In a behavioral experiment, 25 subjects were recruited from Amazon’s Mechanical Turk, an online platform that is becoming increasingly popular for experimental psychology (Buhrmester, Kwang, & Gosling, 2011; Gibson, Piantadosi, & Fedorenko, 2011; Mason & Suri, 2012; Paolacci, Chandler, & Ipeirotis, 2010). Participants were given the following prompt: “An alien space ship crashes in the Nevada desert. Eight creatures emerge, a Wug, a Plit, a Blicket, a Flark, a Warit, a Jupe, a Ralex, and a Timon. In at least 2000 words, describe what happens next.” Subjects’ relative frequency distribution of each of these eight novel words was then computed on their produced text. Because different subjects may pick a different creature as their “primary” character in the text, the analysis aggregated statistics by rank across subjects. It used the sampling methods described for Fig. 1a to determine the estimated frequency f(r) of each subject’s rth most frequent word and then collapsed this distribution across subjects by rank.
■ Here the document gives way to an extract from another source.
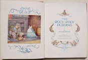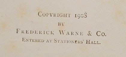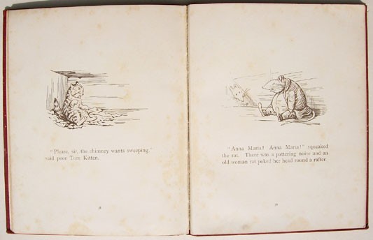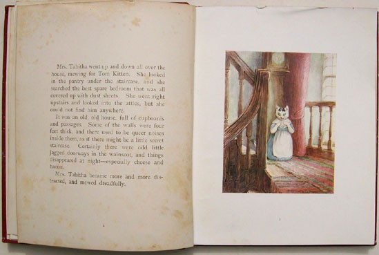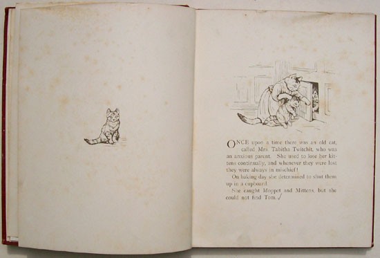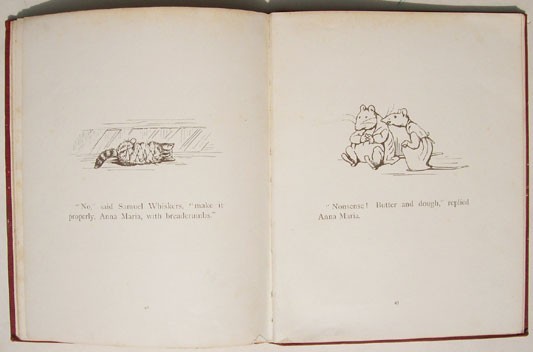 Original red cloth covered boards with bevelled edges, a pictorial onlay of Samuel Whiskers on the upper board, gilt titling on the spine, green and gilt titling on the upper board. Top edge gilt. Decorated end papers. 8 prelims, 70 pages, 18 full page colour plates including the frontispiece and black and white drawings.

Thus, the frequency we report for the rth most frequent word is the sum (or, scaled, mean) of each individual subject’s rth most frequent word. This aggregation was done to decrease noise, since each subject uses each word only a handful of times.Footnote 13

The resulting subject-average frequency distribution is shown in Fig. 8. This clearly demonstrates near-Zipfian scaling in frequency, despite the fact that all words are, in some sense, equivalent in the prompt; participants are not told, for instance, that one creature is extra salient or that they should primarily describe one character. The context was chosen to bias them as little as possible as to how much to describe each creature and what role it should play in their novel story. Moreover, subjects show this distribution even though they are told almost nothing about the creatures (other than that they crashed from an alien ship) and are told absolutely nothing about what happens next. Even in this context, words still approximately follow the power law distribution, although larger-scale studies should be used to check that this effect is seen within individuals and is not the result of averaging together subjects.

Fig. 8
figure 8

An approximate power law distribution of novel alien names used by subjects in making up a story

In general, these findings suggest that a parsimonious, broad-coverage explanation for near-Zipfian distributions in language—one that can explain this experiment—should be applicable to people speaking about entirely novel, relatively unspecified referents.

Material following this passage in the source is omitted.